でも、その評価には「痛烈」「破壊的」「センセーショナル」「スリリング」といった言葉が並ぶ。アラサー女性の青春の日々の、どこがそんなに“最悪”なのか? 観れば納得するかもしれないが、同時に意外にも共感ポイントがたくさん発見できるかも。
外科医を目指して医大で学んでいたが、心理学に転向。かと思えば、「写真家になる」と決めて書店でアルバイトを始めるユリヤ。ある日、40歳を過ぎたグラフィックノベル作家のアクセルと恋に落ち、迷うことなく彼の家に転がり込む。
数年後、30歳を間近に控えてアクセルは子どもを欲しがるが、自分が何者であるのかさえわからないユリヤにとって、今は子どもをもつことは論外だ。仕事で成功しているアクセルを横目で見ながら、ユリヤは同世代のアイヴィンと知り合い、強烈に惹かれ合う。一時の気の迷いだと、連絡先を交換せずに別れるが……。

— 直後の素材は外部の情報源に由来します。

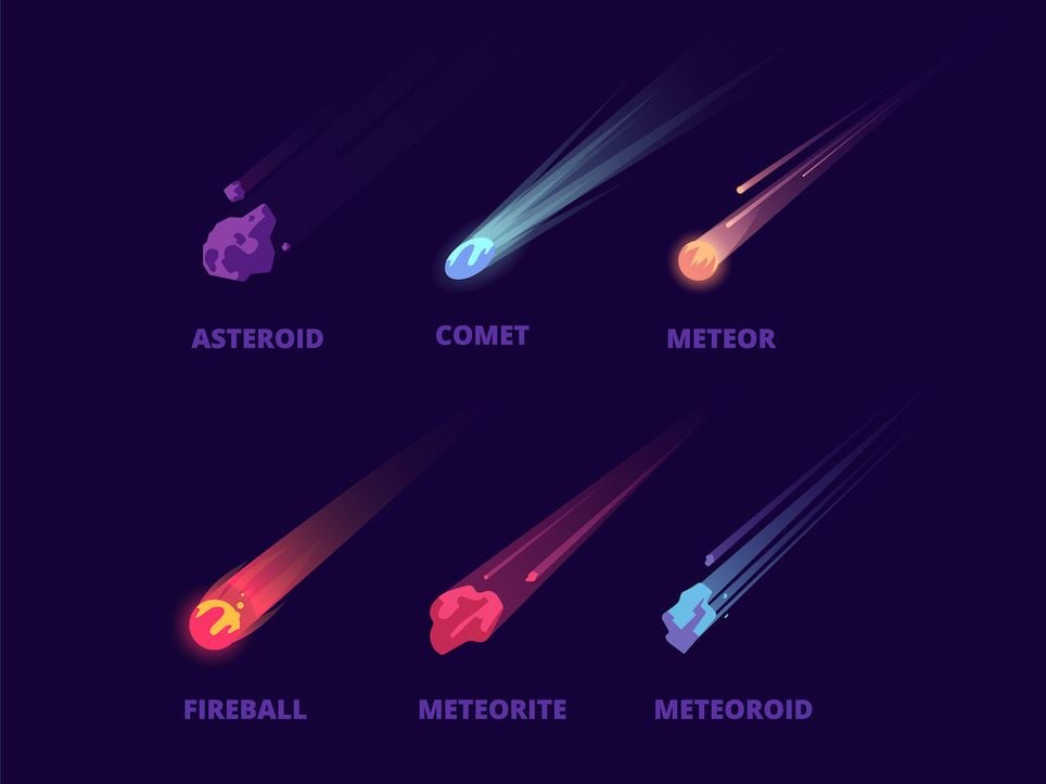 Básicamente, son fragmentos de roca, hielo o metal, la distinción principal radica en su composición y su apariencia al ser observados. Los asteroides son típicamente rocosos, mientras que los cometas están formados por una mezcla de hielo y polvo. Y los meteoros son, fragmentos mucho más pequeños de estos cuerpos.

多才なのに、これと一つに決めることができない。好きになれば一直線だが、こちらも一人に決めきれない。というか、決める必要性も感じていない。今は多くの人にとって生き方の選択肢が多い時代だ。それは恋愛も同じで、一夫一婦制は非現実的だとする議論も注目を集めている。
一方で、世間はいまだに女性の年齢が30歳に近づくにつれて、妻や母親の役割を当てはめようとしてくる。表面的にはどのように生きてもよいという自由があって、それはそれで苦しいもの。同時に、女性が自由を謳歌するには決定的な矛盾があり、そこにユリヤの葛藤がある。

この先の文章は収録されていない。